Guinness Brownies with Baileys Caramel Cheesecake Swirl

These rich and fudgy cheesecake brownies are inspired by the Irish stout's caramel and coffee undertones and the smooth cream liqueur that pairs so well with cocoa.

Prep:

minutes

Cook:

50

minutes

TOtal:

minutes

Ingredients

Brownie Batter

  • 1 cup Guinness
  • 170g (¾ cup, 1 ½ sticks, 12 tbsp) unsalted butter
  • 225g (8 oz) semi-sweet chocolate
  • 280g (1 ¼ cups) granulated sugar
  • 3 large eggs, room temperature
  • 1 tsp pure vanilla extract
  • 145g (1 cup) all-purpose flour
  • ½ tsp salt
  • ½ tsp espresso powder

Cheesecake Batter

  • 250g cream cheese, softened
  • 65g (⅓ cup) granulated sugar
  • 1 large egg yolk
  • ¼ cup Baileys Irish Cream
  • 9 tsp caramel

Instructions

  1. Place the oven rack in the middle of the oven.
  2. Preheat the oven to 350°F.
  3. Butter a 9 x 9 inch baking pan and line with parchment paper.  Make sure to leave an overhang that you can use as handles to remove the brownies from the pan. 
  4. Pour the Guinness into a small saucepan and bring to a boil.
  5. Reduce the heat and let simmer for about 12 minutes, until the Guinness is reduced to ½ cup.
  6. Set the ½ cup of Guinness aside and let cool for 10 minutes.
  7. Melt the butter and the chocolate together in a heat proof bowl placed over a saucepan of simmering water.  The bowl must not touch the water.
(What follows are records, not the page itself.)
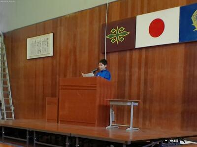 その後は、新しい学年に進級した中から、新2年生、新4年生、新6年生の代表児童1名ずつが、今年度に向けた意気込みを作文発表してくれました。
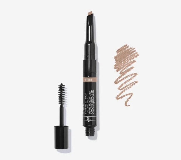 A double-ended applicator that has an angled long-wearing waterproof eyebrow pencil on one side and a soft-hold gel with a brow brush applicator on the other. You get the best of both worlds.
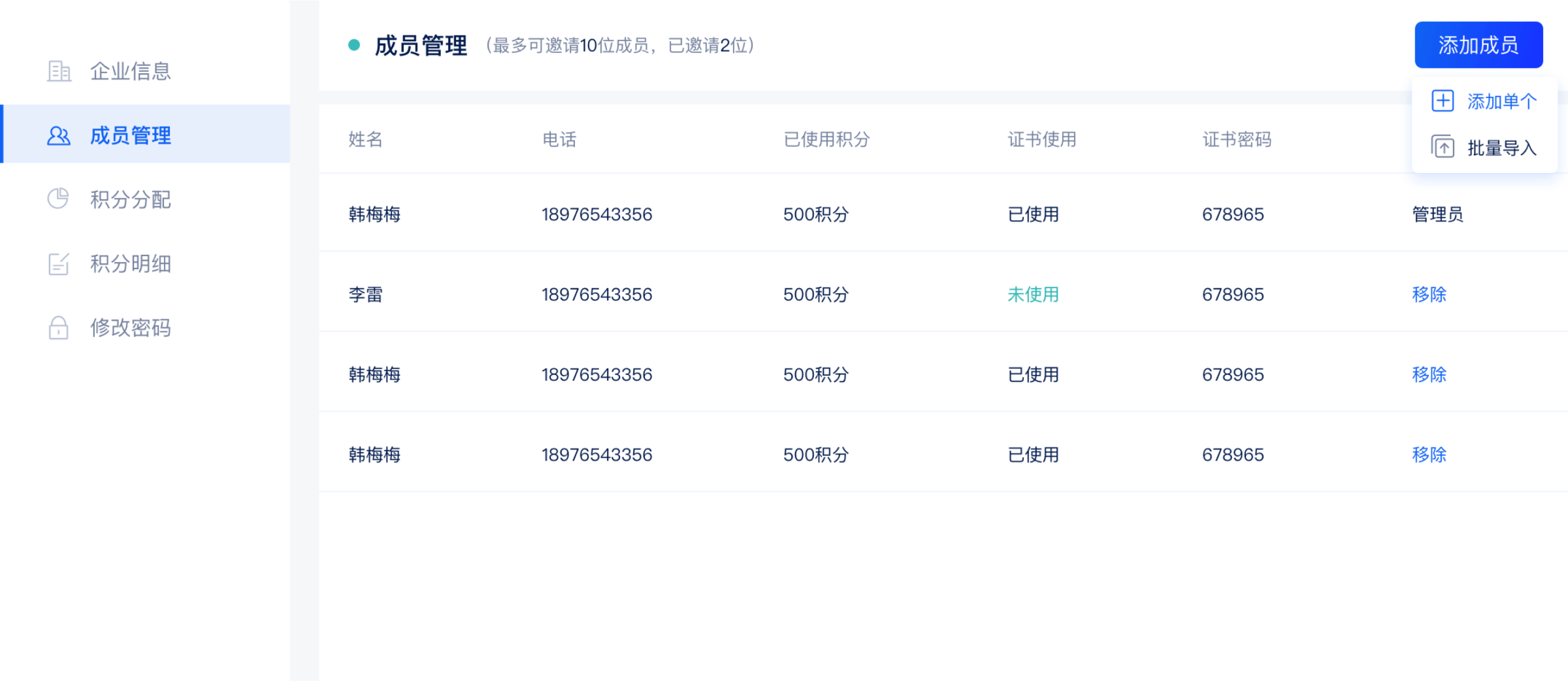 不同套餐会有不同的添加成员限制。添加成员:可以逐个添加,也可以通用Excel表格批量导入;成员移出:只要点击“移出”按钮就可以将其移出。若企业购买了安全证书的功能,则可以看到证书使用状态,还将显示证书密码并发短信告知成员

Stir until combined.  
  8. Remove the bowl from the heat.
  9. Whisk in the sugar and Guinness.
  10. Whisk in the eggs and vanilla.
  11. In a small bowl, mix the flour, salt and espresso powder together.
  12. Use a spatula to gently fold the dry ingredients into the batter.
  13. Pour the brownie batter into the prepared pan.
  14. In the bowl of a stand mixer fitted with the paddle attachment, beat the cream cheese, sugar, egg yolk and Baileys together until smooth.
  15. Spread the cheesecake batter over the brownies with a small offset spatula.
  16. Drop 9 dollops of caramel onto the cheesecake batter.
  17. Run a knife through the caramel and cheesecake batter to create swirls.
  18. Bake for 55 minutes, or until a toothpick inserted into the center comes out with moist crumbs. 
  19. Place the pan on a wire rack and let cool completely.
  20. Let the brownies chill in the fridge.
  21. Lift the brownies by the parchment paper overhang and place on a cutting board.
  22. Use a large chef’s knife to slice the brownies into 16 portions.  Rince the knife in hot water and wipe it before each cut to get clean slices.
  23. Store in an airtight container in the refrigerator for up to 3 days.